Problem to work on
All that is needed is the first stretch of the listing below, repeated exactly and ending with the line that contains "Two painted cedar". Pictures are to be left out.

Available data
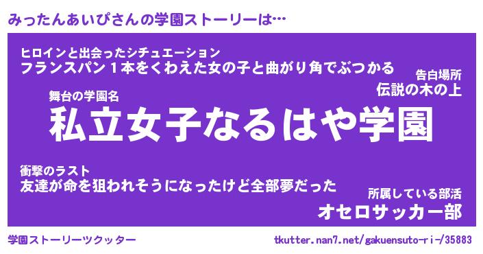 | 伝説のあだ名 | 『封印されしスナイパーみったんあいぴ』 |
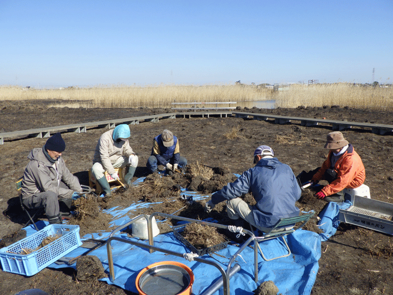 ススキ株の回りに付いている土にはたくさんの希少な植物の種子が含まれています。
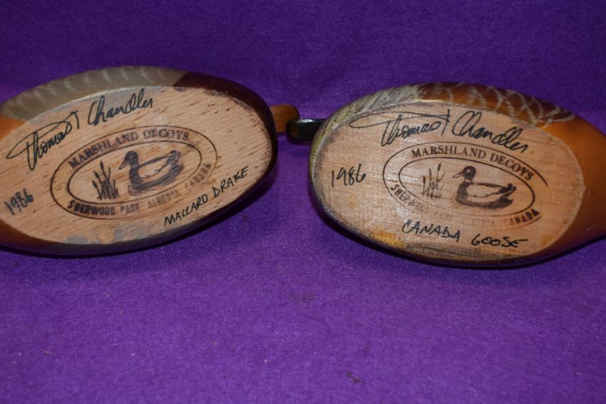 Two painted cedar decoy ducks by Thomas Chandler one Mallard Drake,the other a Canada Goose, both signed and marked Marshland decoys Sherwood park Alberta Canada both dated 1986.
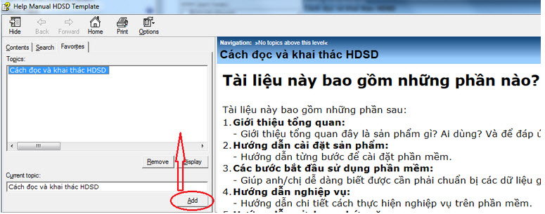 Tại trang hướng dẫn đang xem, chuyển sang tab Favorites, chọn nút Add như hình => Trang hướng dẫn này sẽ được thêm vào phần Favorites.
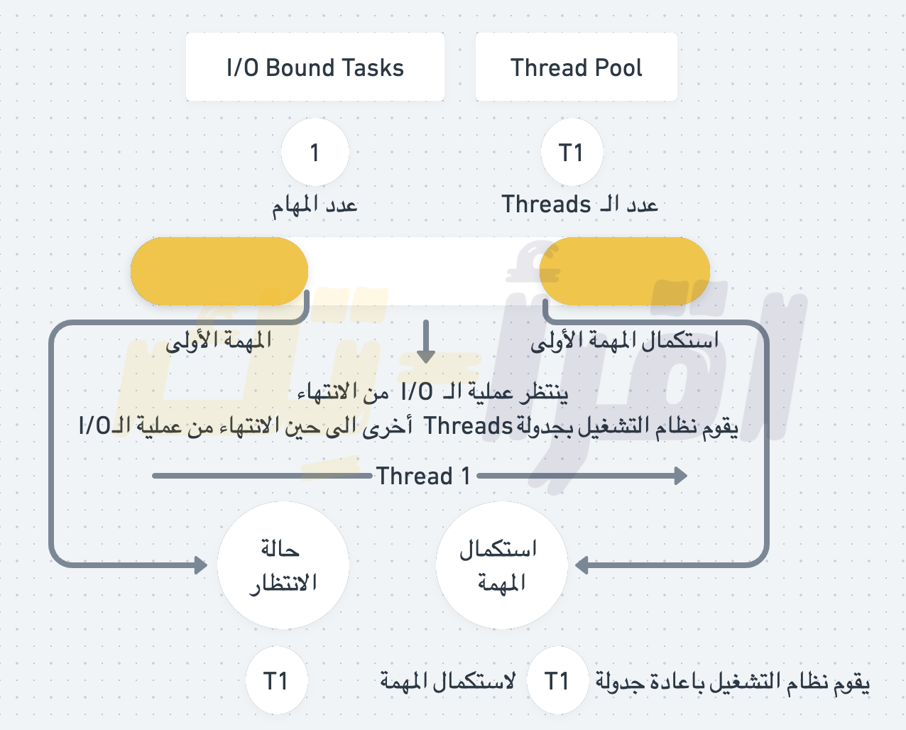 فكما نرى في الصورة السابقة يقوم نظام التشغيل بجدولة Threads أخرى لتعمل حتى تنتهي عملية الـ I/O ويقوم باسترجاع الـ Thread المنتظر لاستكمال المهمة التي كان موكل للقيام بها وتنفيذها.
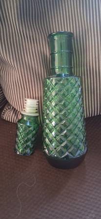 Glass Diamond Cut Emerald Decanter Wine Bottle. In great condition. Used it as decoration. $20
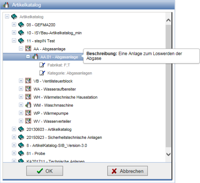 Sofern Beschreibungen im Katalog zu den Anlagenteilen vorliegen, werden diese als Tooltip angezeigt. Halten Sie dazu einfach den Mauszeiger über die Position im Katalog.
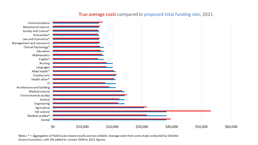 All this highlights a key issue with a policy focused on paying teaching costs with limited or no profit margins in each field. To avoid leaving universities with inadequate resources for teaching, especially in highly-regulated fields like health where expenditure may be hard to cut without losing professional accreditation, the underlying cost data needs to be highly accurate. That can’t be done when the cost data collection does not distinguish between fields that have different pedagogical practices.
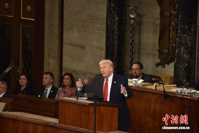 當地時間2月24日晚,美國總統(tǒng)特朗普在國會參眾兩院聯(lián)席會議上發(fā)表國情咨文講話,聚焦經濟、移民等議題。這是特朗普在本總統(tǒng)任期內首次發(fā)表國情咨文。 記者 沙晗汀 攝
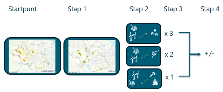 In stap 1 wordt de Wijchense milieukaart verdeeld in zoekgebieden die zich concentreren in en om de groene vlekken (‘geschikt’). Paragraaf 5.2 gaat hier verder op in. De zoekgebieden zijn de kansrijke gebieden waar de MCA zich op richt. Ook gele gebieden (‘minder geschikt’) rondom de groene vlekken worden meegenomen. Door deze gebieden ook mee te nemen kan later een betere afweging gemaakt worden voor precieze locaties van wind- of zonne-energie. Dit kan echter alleen als de gebieden door maatregelen geschikt gemaakt worden. In het plaatje bij stap 1 (zie afbeelding 5.1) is deze stap indicatief weergegeven. De grijze gebieden (‘niet geschikt’) en gebieden die niet op de kaart zijn ingekleurd, worden niet onderzocht. In paragraaf 5.2 wordt op deze stap ingegaan.
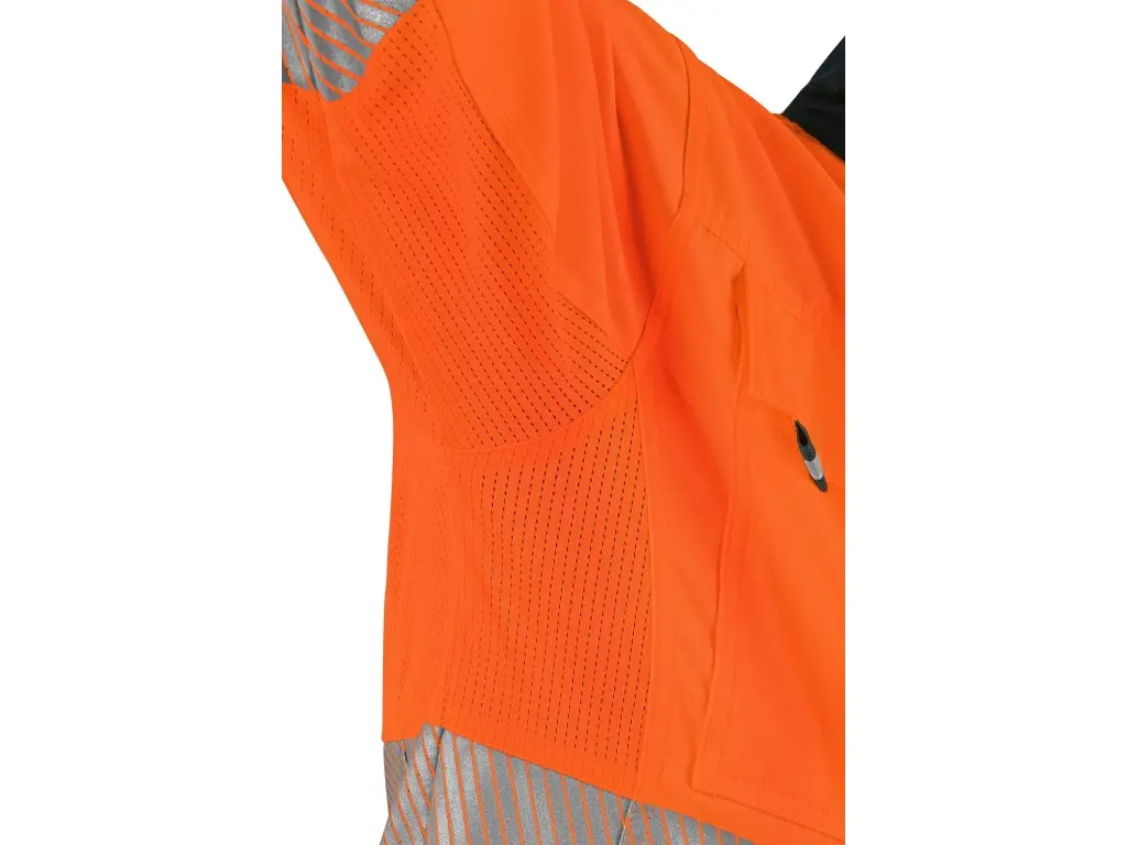 Męska kurtka ostrzegawcza, ramiona wzmocnione materiałem CORDURA, rękawy z regulowanym mankietem na rzep, przykryte zapinanie na zamek, rzepy i zatrzaski, lewa kieszeń na piersi zapinana na zamek, prawa kieszeń z klapką, kieszeń na ołówki na lewym rę
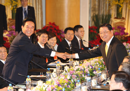 President of the Chinese mainland's Association for Relations Across the Taiwan Straits (ARATS) Chen Yunlin (L) shakes hands with Chairman of Taiwan's Straits Exchange Foundation (SEF) Chiang Pin-kung before their talks in Taichung, Dec. 22, 2009. ARATS President Chen Yunlin and SEF Chairman Chiang Pin-kung met for the fourth round of talks since the two sides of the Taiwan Strait resumed negotiations in June last year following a 10-year suspension. (Xinhua Photo)
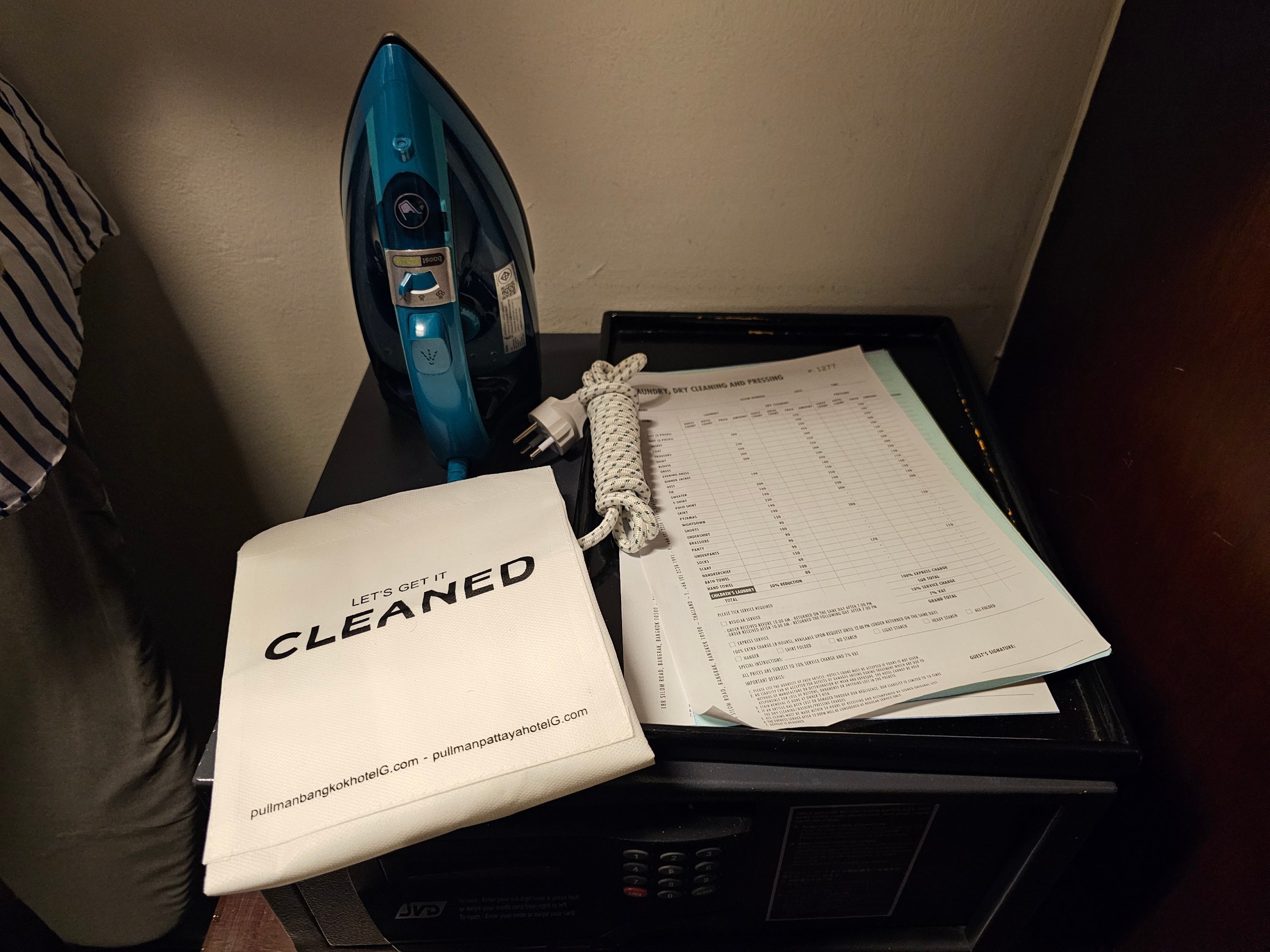 Kamar ini juga memiliki lemari pakaian yang sangat kecil, yang tidak selalu tersedia di hotel-hotel di Bangkok.

Response
 | 伝説のあだ名 | 『封印されしスナイパーみったんあいぴ』 |
 ススキ株の回りに付いている土にはたくさんの希少な植物の種子が含まれています。
 Two painted cedar decoy ducks by Thomas Chandler one Mallard Drake,the other a Canada Goose, both signed and marked Marshland decoys Sherwood park Alberta Canada both dated 1986.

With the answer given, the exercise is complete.